Data records:
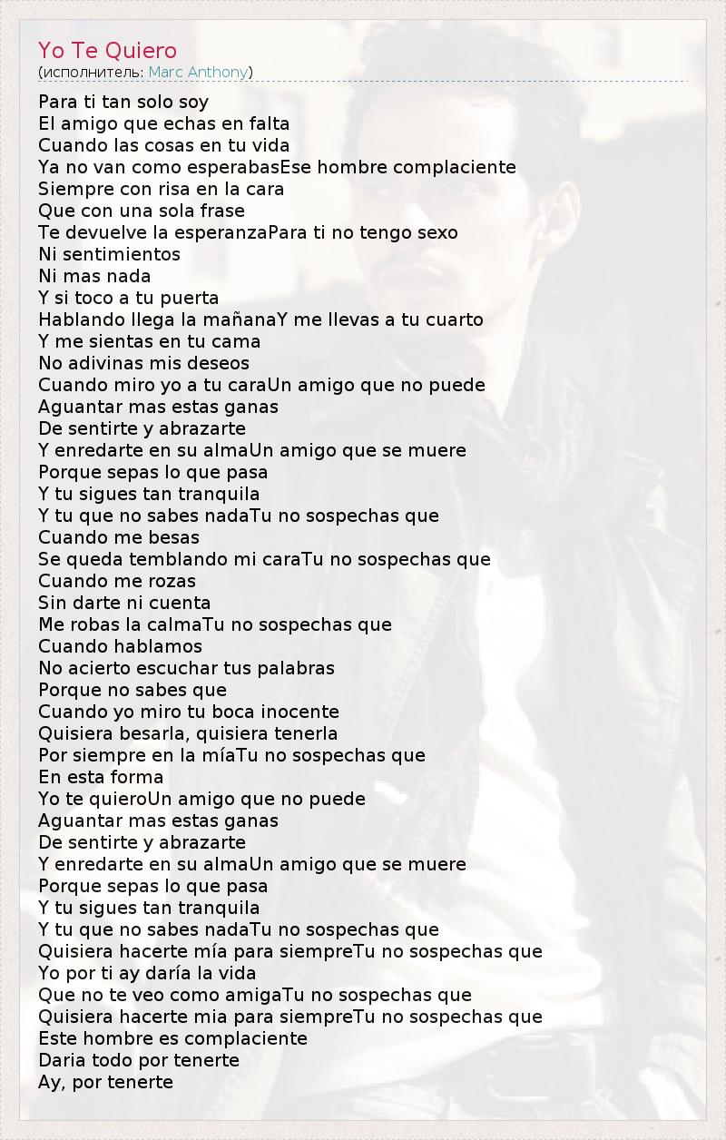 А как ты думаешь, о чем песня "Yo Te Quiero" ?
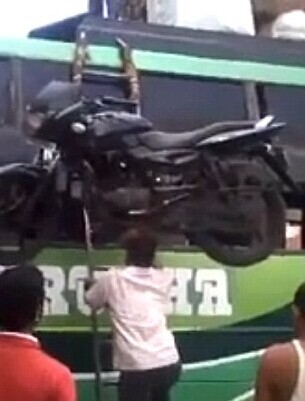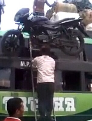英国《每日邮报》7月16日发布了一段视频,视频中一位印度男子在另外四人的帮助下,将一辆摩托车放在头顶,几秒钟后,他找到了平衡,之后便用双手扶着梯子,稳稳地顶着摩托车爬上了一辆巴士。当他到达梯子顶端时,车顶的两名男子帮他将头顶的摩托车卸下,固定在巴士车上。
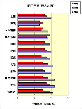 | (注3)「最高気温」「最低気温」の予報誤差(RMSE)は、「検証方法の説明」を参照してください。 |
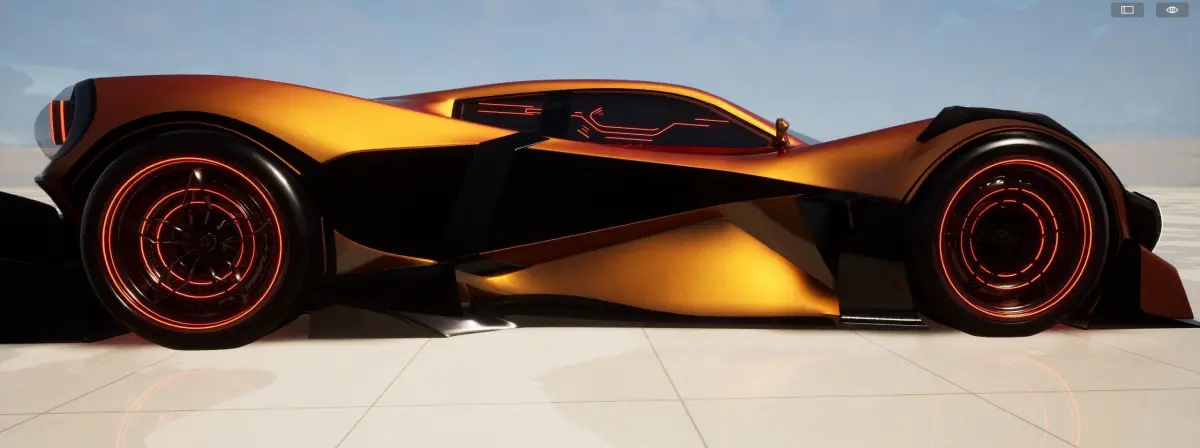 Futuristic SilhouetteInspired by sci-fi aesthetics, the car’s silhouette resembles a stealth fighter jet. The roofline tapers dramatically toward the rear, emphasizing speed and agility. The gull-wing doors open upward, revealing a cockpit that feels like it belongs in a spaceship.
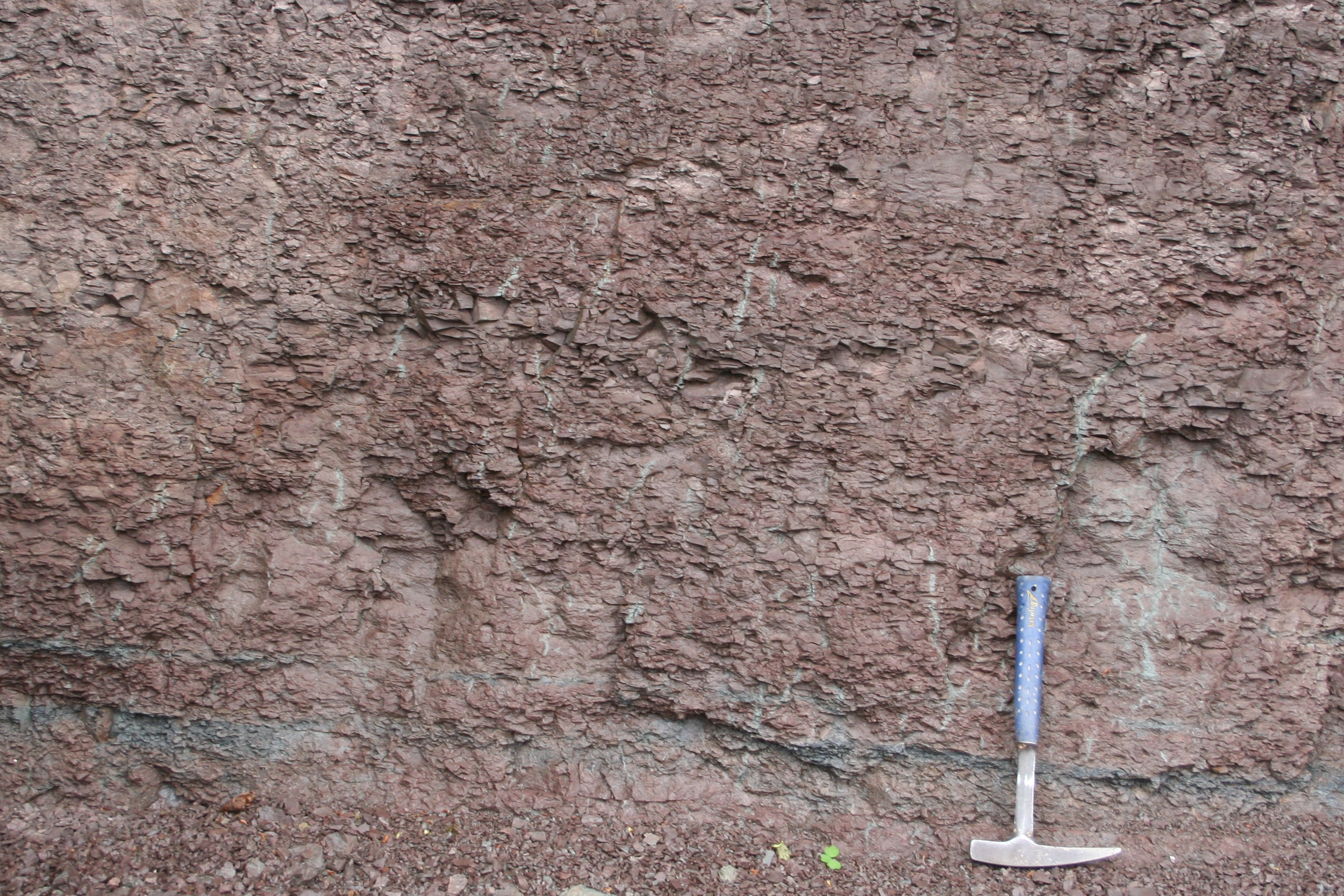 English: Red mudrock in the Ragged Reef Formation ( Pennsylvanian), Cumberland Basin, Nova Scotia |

Work order: The finished answer is an exact repetition of the listing, with every picture removed.

Result of the exercise:
 А как ты думаешь, о чем песня "Yo Te Quiero" ?
英国《每日邮报》7月16日发布了一段视频,视频中一位印度男子在另外四人的帮助下,将一辆摩托车放在头顶,几秒钟后,他找到了平衡,之后便用双手扶着梯子,稳稳地顶着摩托车爬上了一辆巴士。当他到达梯子顶端时,车顶的两名男子帮他将头顶的摩托车卸下,固定在巴士车上。
 | (注3)「最高気温」「最低気温」の予報誤差(RMSE)は、「検証方法の説明」を参照してください。 |
 Futuristic SilhouetteInspired by sci-fi aesthetics, the car’s silhouette resembles a stealth fighter jet. The roofline tapers dramatically toward the rear, emphasizing speed and agility. The gull-wing doors open upward, revealing a cockpit that feels like it belongs in a spaceship.
 English: Red mudrock in the Ragged Reef Formation ( Pennsylvanian), Cumberland Basin, Nova Scotia |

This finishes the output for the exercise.